━━━━━ MATERIAL FOR THIS TASK

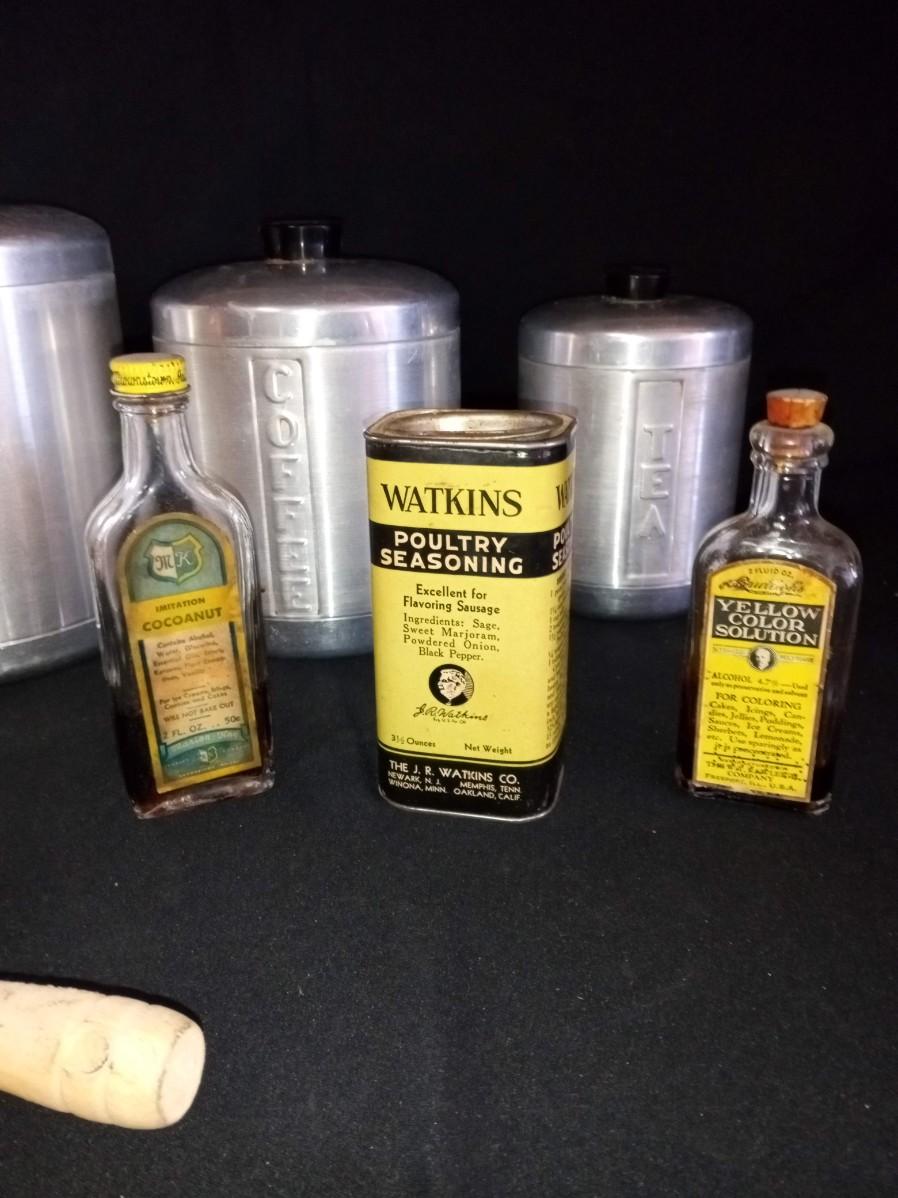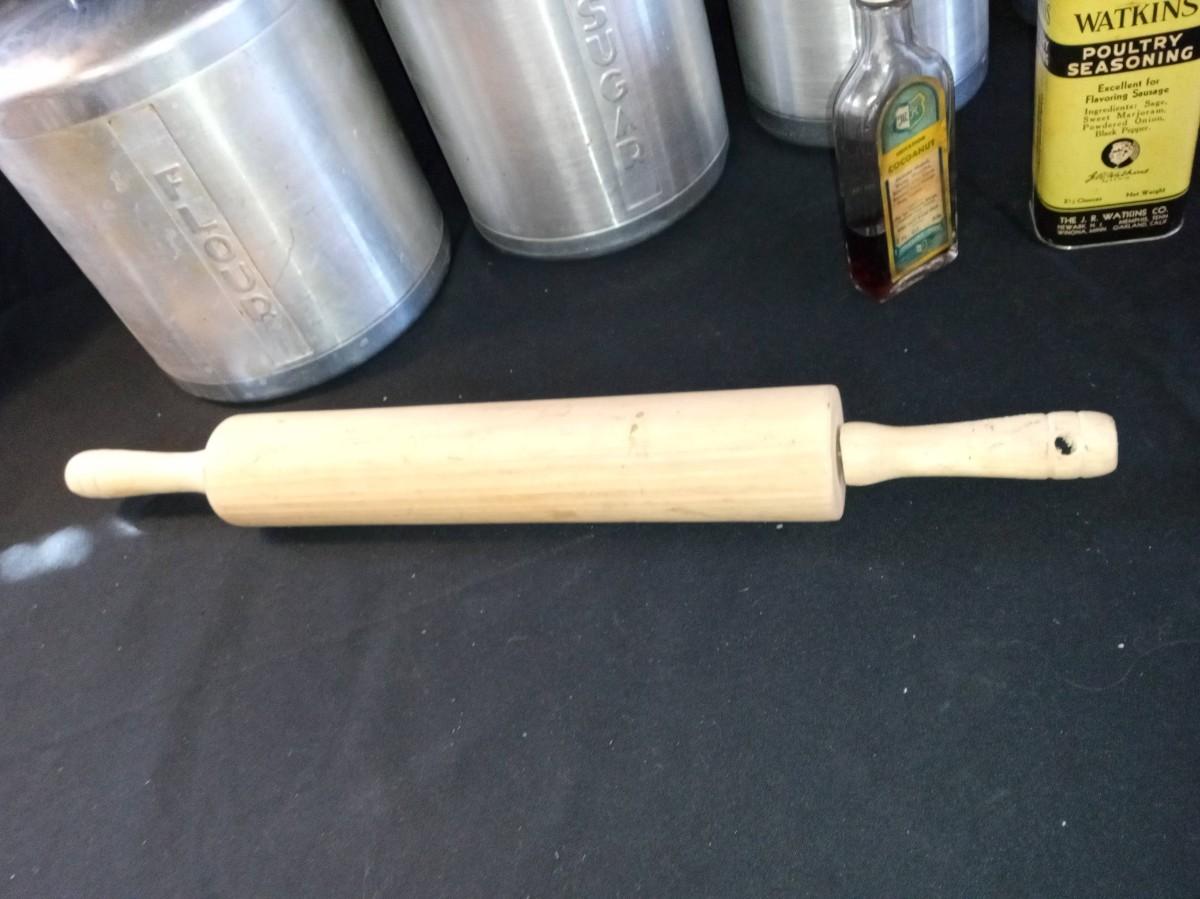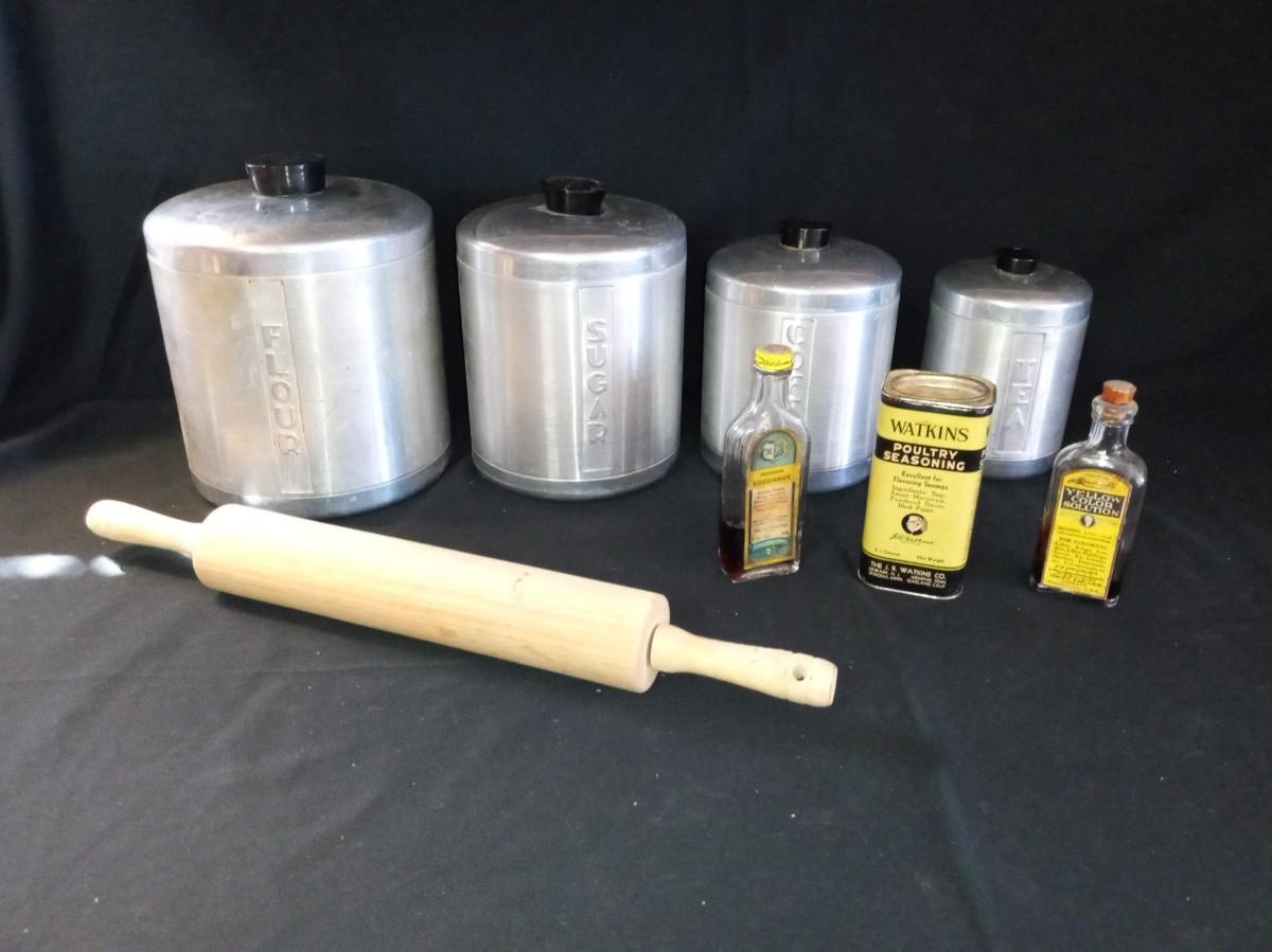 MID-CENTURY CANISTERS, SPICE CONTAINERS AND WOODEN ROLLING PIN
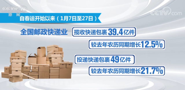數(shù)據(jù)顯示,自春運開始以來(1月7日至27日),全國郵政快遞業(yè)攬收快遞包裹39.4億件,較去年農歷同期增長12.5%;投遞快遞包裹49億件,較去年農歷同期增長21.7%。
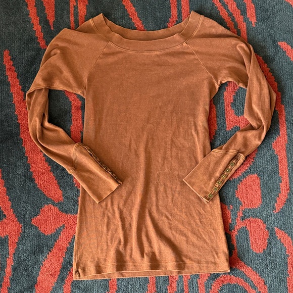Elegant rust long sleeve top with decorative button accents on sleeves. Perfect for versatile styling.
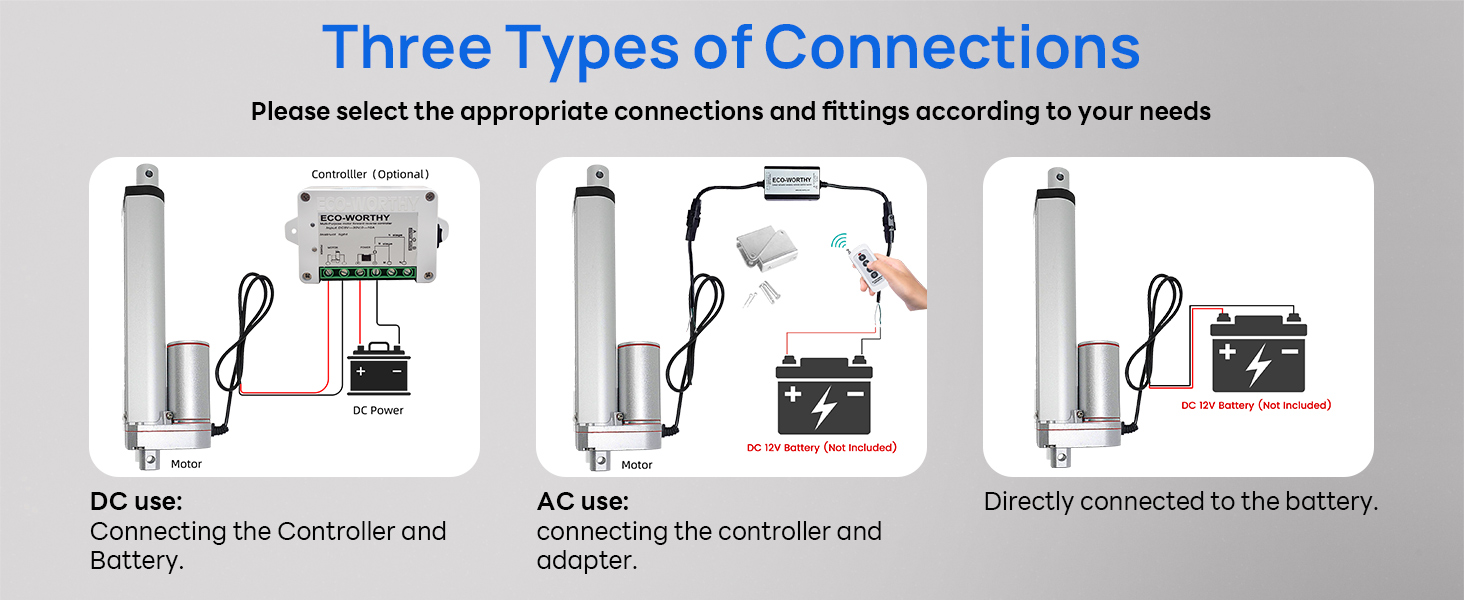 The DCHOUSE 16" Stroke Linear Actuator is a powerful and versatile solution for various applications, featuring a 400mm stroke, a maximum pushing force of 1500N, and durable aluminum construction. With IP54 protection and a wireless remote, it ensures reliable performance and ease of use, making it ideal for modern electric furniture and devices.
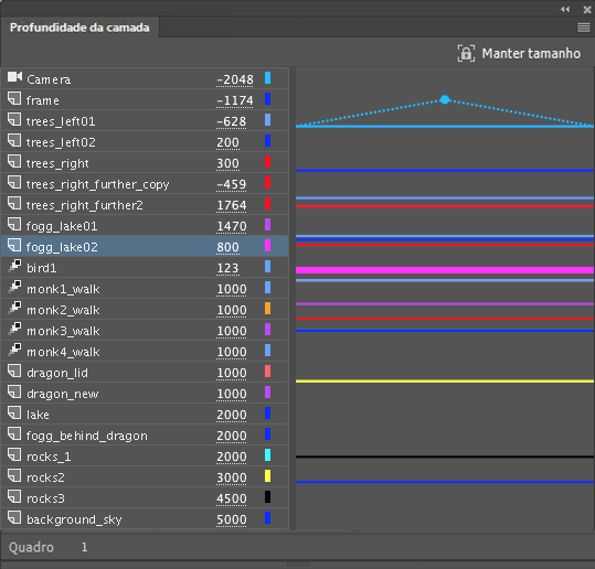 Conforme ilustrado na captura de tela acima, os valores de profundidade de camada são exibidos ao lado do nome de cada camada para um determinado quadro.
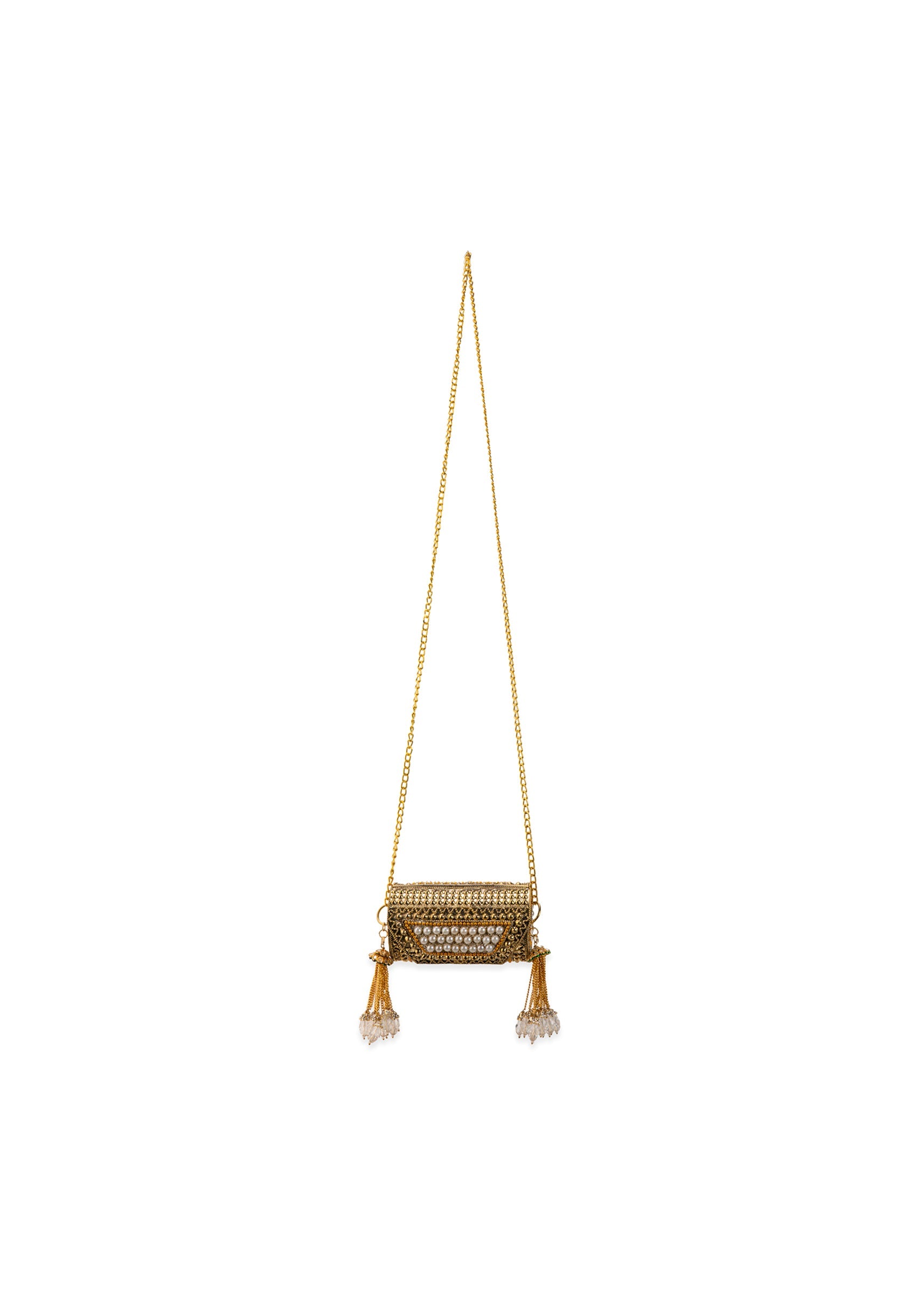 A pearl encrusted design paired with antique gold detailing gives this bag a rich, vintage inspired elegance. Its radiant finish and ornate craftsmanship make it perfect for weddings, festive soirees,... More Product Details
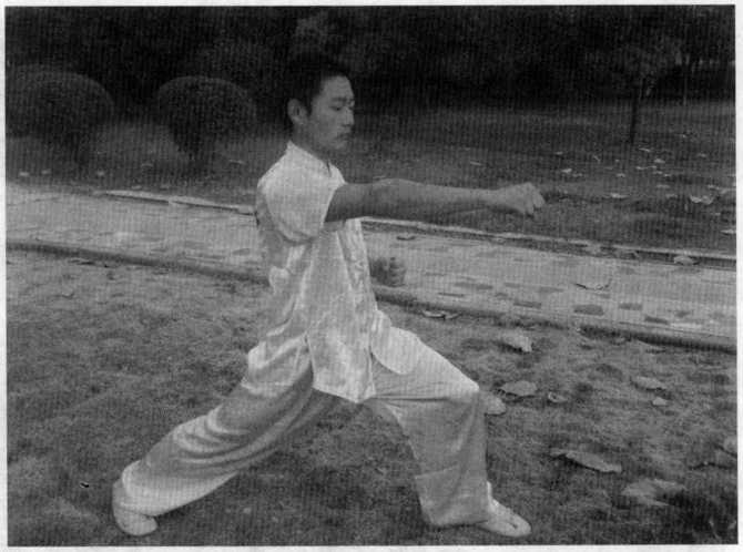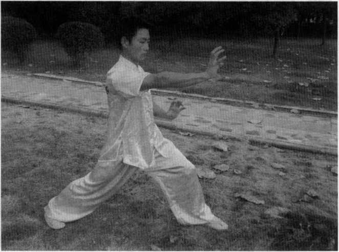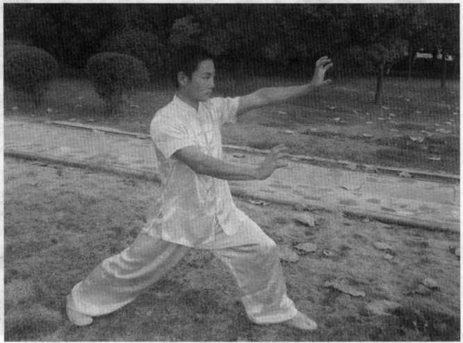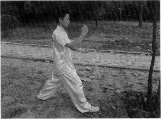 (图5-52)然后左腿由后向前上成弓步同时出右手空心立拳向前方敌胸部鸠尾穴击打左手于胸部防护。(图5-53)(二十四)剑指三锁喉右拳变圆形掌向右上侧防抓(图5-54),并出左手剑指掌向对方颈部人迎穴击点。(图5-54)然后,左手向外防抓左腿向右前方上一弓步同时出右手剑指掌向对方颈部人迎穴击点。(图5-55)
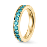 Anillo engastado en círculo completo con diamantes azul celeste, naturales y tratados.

━━━━━━━━━━

◆ PROBLEM DETAILS: Exactly the lines from the one that contains "Elegant rust long" to the last line of the data, both included, should be set down, and no pictures should appear among them.

◆ EXPECTED ANSWER:
Elegant rust long sleeve top with decorative button accents on sleeves. Perfect for versatile styling.
 The DCHOUSE 16" Stroke Linear Actuator is a powerful and versatile solution for various applications, featuring a 400mm stroke, a maximum pushing force of 1500N, and durable aluminum construction. With IP54 protection and a wireless remote, it ensures reliable performance and ease of use, making it ideal for modern electric furniture and devices.
 Conforme ilustrado na captura de tela acima, os valores de profundidade de camada são exibidos ao lado do nome de cada camada para um determinado quadro.
 A pearl encrusted design paired with antique gold detailing gives this bag a rich, vintage inspired elegance. Its radiant finish and ornate craftsmanship make it perfect for weddings, festive soirees,... More Product Details
 (图5-52)然后左腿由后向前上成弓步同时出右手空心立拳向前方敌胸部鸠尾穴击打左手于胸部防护。(图5-53)(二十四)剑指三锁喉右拳变圆形掌向右上侧防抓(图5-54),并出左手剑指掌向对方颈部人迎穴击点。(图5-54)然后,左手向外防抓左腿向右前方上一弓步同时出右手剑指掌向对方颈部人迎穴击点。(图5-55)
 Anillo engastado en círculo completo con diamantes azul celeste, naturales y tratados.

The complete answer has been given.